Application of Clean Fuels in Combustion Engines

Energy and the environment are the primary concerns for the transportation sector. Besides, the rapidly shrinking petroleum reserves are already alarming. All these, push the governments to find solutions for alternatives able to reduce the carbon footprint and pollutant emissions. Indeed, recent directives push toward carbon–neutral mobility by 2050. The electrification of the propulsion systems represents the priority. However, the research community has demonstrated as the application of cleaner fuels or zero-carbon fuels in the transport sector represents a valid medium-term alternative for decarbonizing the sector. This accelerates the alternative fuels requirements. In this context, renewable fuels, such as bio-alcohols, biogases are considered promising solutions. In this regard, the chapters of this book are based on aspects related to the technologies, methodologies for improving the combustion process and emissions trends applying cleaner fuels to internal combustion engines.

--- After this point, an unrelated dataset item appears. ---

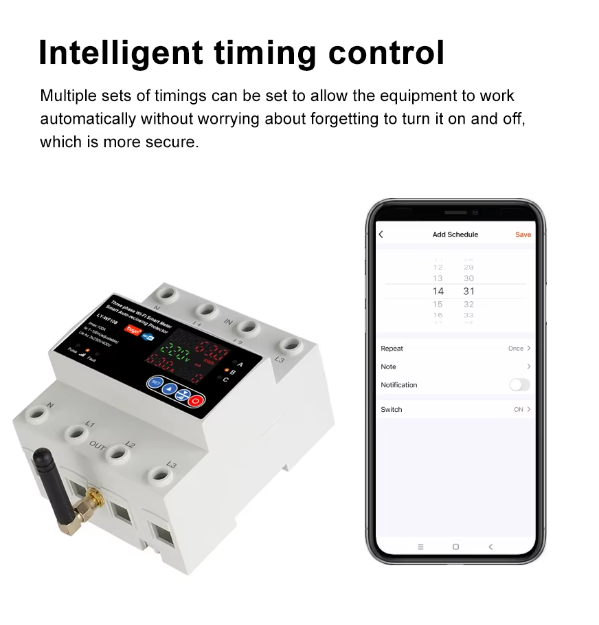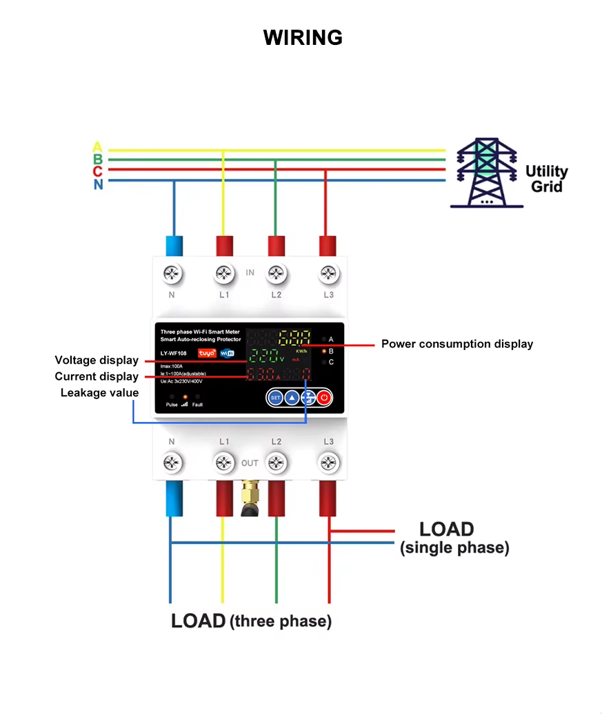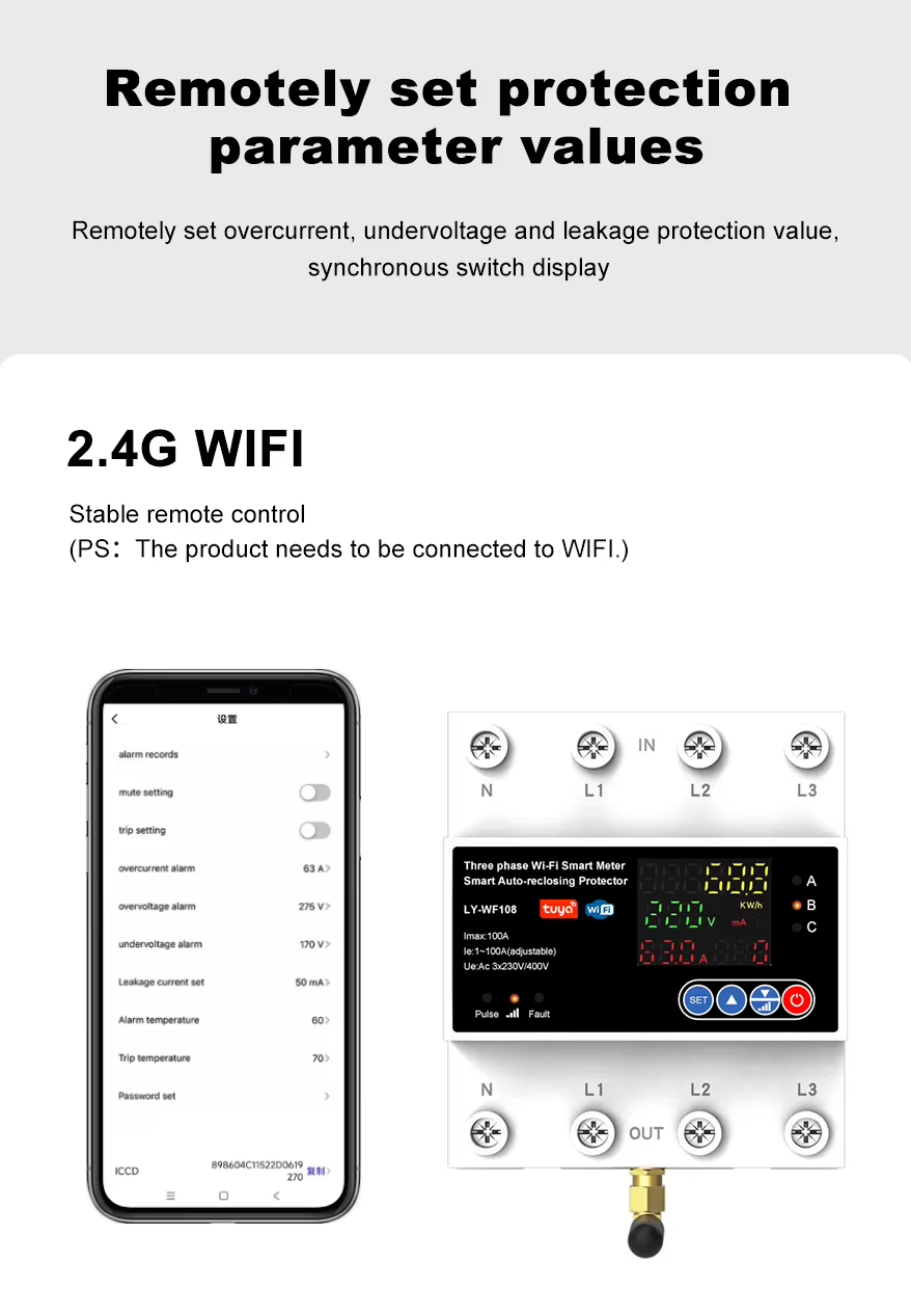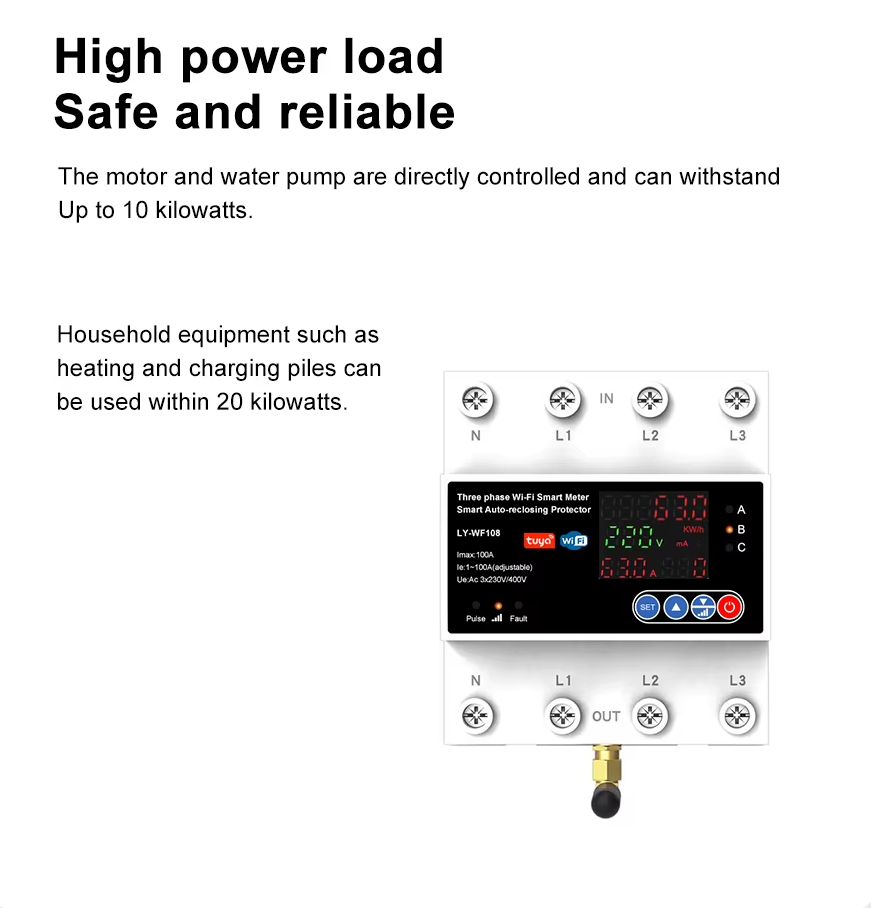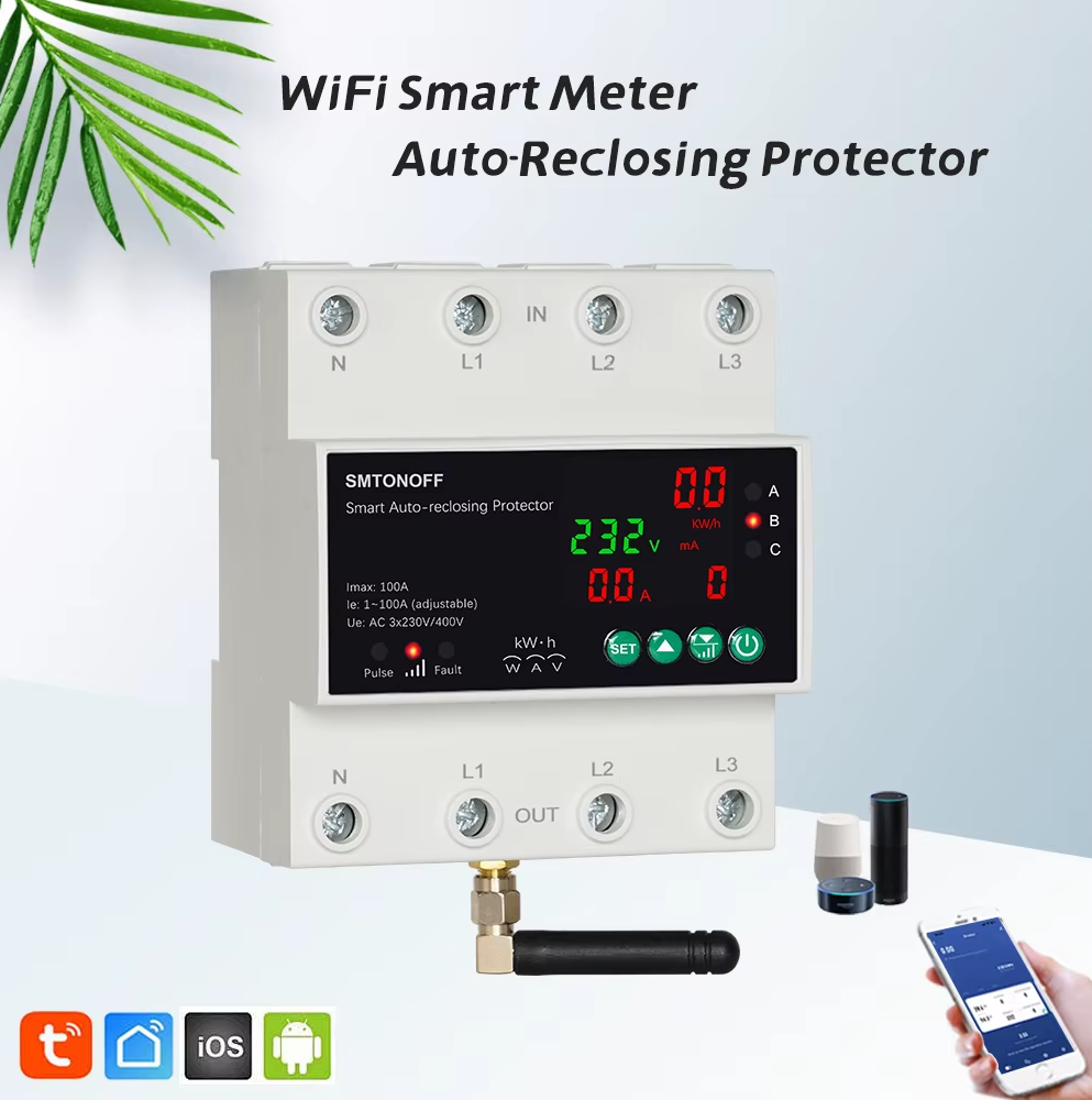 Este dispositivo IOT inteligente de diseño todo en uno se aplica a CA 230 V/400 V, 50/60 Hz, corriente nominal de hasta 63 A/100 A monofásica o trifásica.

The increasing concern of global warming due to the ever-increasing amount of greenhouse gases (GHG) such as carbon dioxide (CO₂) and pollutant emissions induces regulatory authorities to stricter emission legislation in the transportation sector. In this context, renewable fuels, such as methanol and ethanol, are considered a promising solution to mitigate the carbon footprint and reduce engine-out emissions. Based on the several studies published in the specific literature, this work aims to summarise and normalize the main outcomes, highlighting the pro and cons of exerting alcohol fuels in compression ignition engines through a critical literature review for helping the researchers, who start to work on these applications. Both dual-fuel and direct-injection fuelling concepts of diesel and alcohol (ethanol and methanol) in compression ignition engines are discussed. Analyses on the combustion, emissions and performance and CO₂ are carried out. Depending on the fuel supply method and the engine type, the use of alcohol fuels performs differently in terms of emissions and engine performance. Dual Fuel combustion mode, port fuel injected alcohol, and direct-injected diesel emits higher HC and CO, while diesel-alcohol blends perform as diesel. Generally, the blends characterized by lower alcohol concentration than dual-fuel perform higher indicated thermal efficiencies. Significant benefits on NOx-soot trade-offs are observed, independently on the fuelling mode, NOx concentration, and engine type by using alcohols. The soot reduction reaches values up to 70%, and the lower carbon content of alcohols fuel reduces the CO₂ up to 15%.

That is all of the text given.